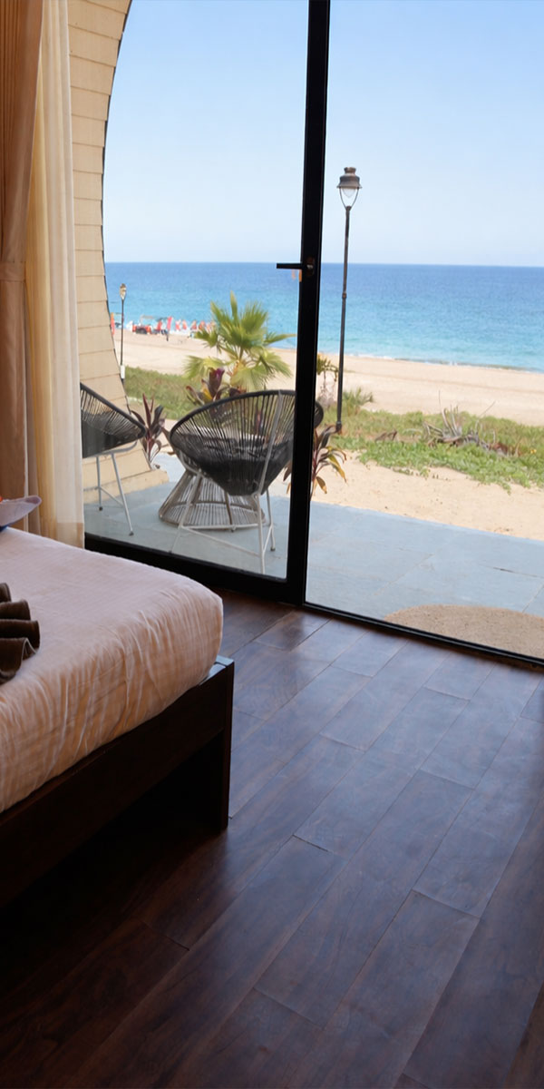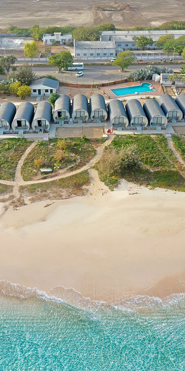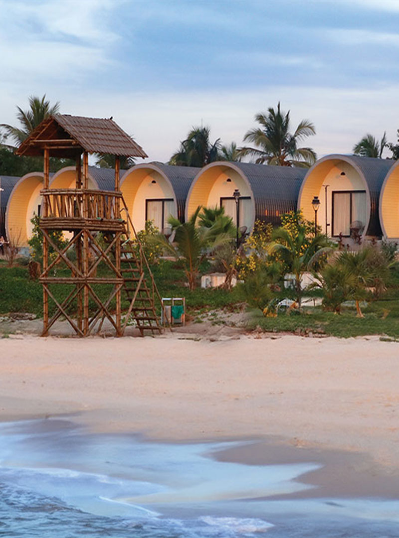 At Praveg Beach Resort Diu, there is a whole new way for you to stay with us, with a fabulous view of the ocean. This tropical location is located along the pristine Ghoghla Beach, a Blue Flag Beach, and is one of our locations to choose from when travelling to India or South-East Asia. Praveg Beach Resort features 35 uniquely designed hobbit-style wooden cottages that offer the best of everything, comfort, and creative design. Each cottage has sliding glass doors that open up to fantastic views of the ocean and beach and provide a seamless connection between luxury and the natural world.
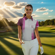 Rosa und Weiße Damen Golf Poloshirt - Individuelles Golfball-Design - Stilvolles Golfoberteil für Frauen N7188
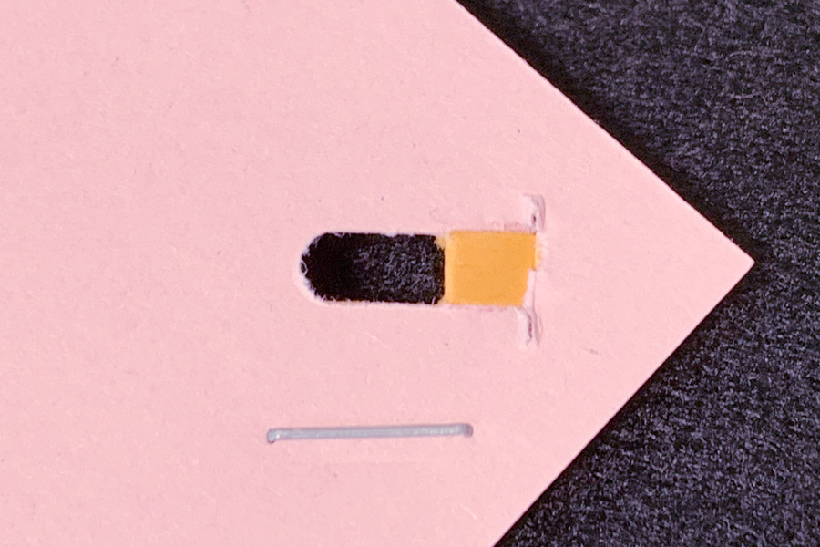 ペーパークリンチ同様にU字型のとじ穴を採用しています。同じ理由で4点としました。

- [AIM OF THE TASK] Return each of the lines exactly as they appear above, with no images.

- [ANSWER TO THE PROBLEM]
 At Praveg Beach Resort Diu, there is a whole new way for you to stay with us, with a fabulous view of the ocean. This tropical location is located along the pristine Ghoghla Beach, a Blue Flag Beach, and is one of our locations to choose from when travelling to India or South-East Asia. Praveg Beach Resort features 35 uniquely designed hobbit-style wooden cottages that offer the best of everything, comfort, and creative design. Each cottage has sliding glass doors that open up to fantastic views of the ocean and beach and provide a seamless connection between luxury and the natural world.
 Rosa und Weiße Damen Golf Poloshirt - Individuelles Golfball-Design - Stilvolles Golfoberteil für Frauen N7188
 ペーパークリンチ同様にU字型のとじ穴を採用しています。同じ理由で4点としました。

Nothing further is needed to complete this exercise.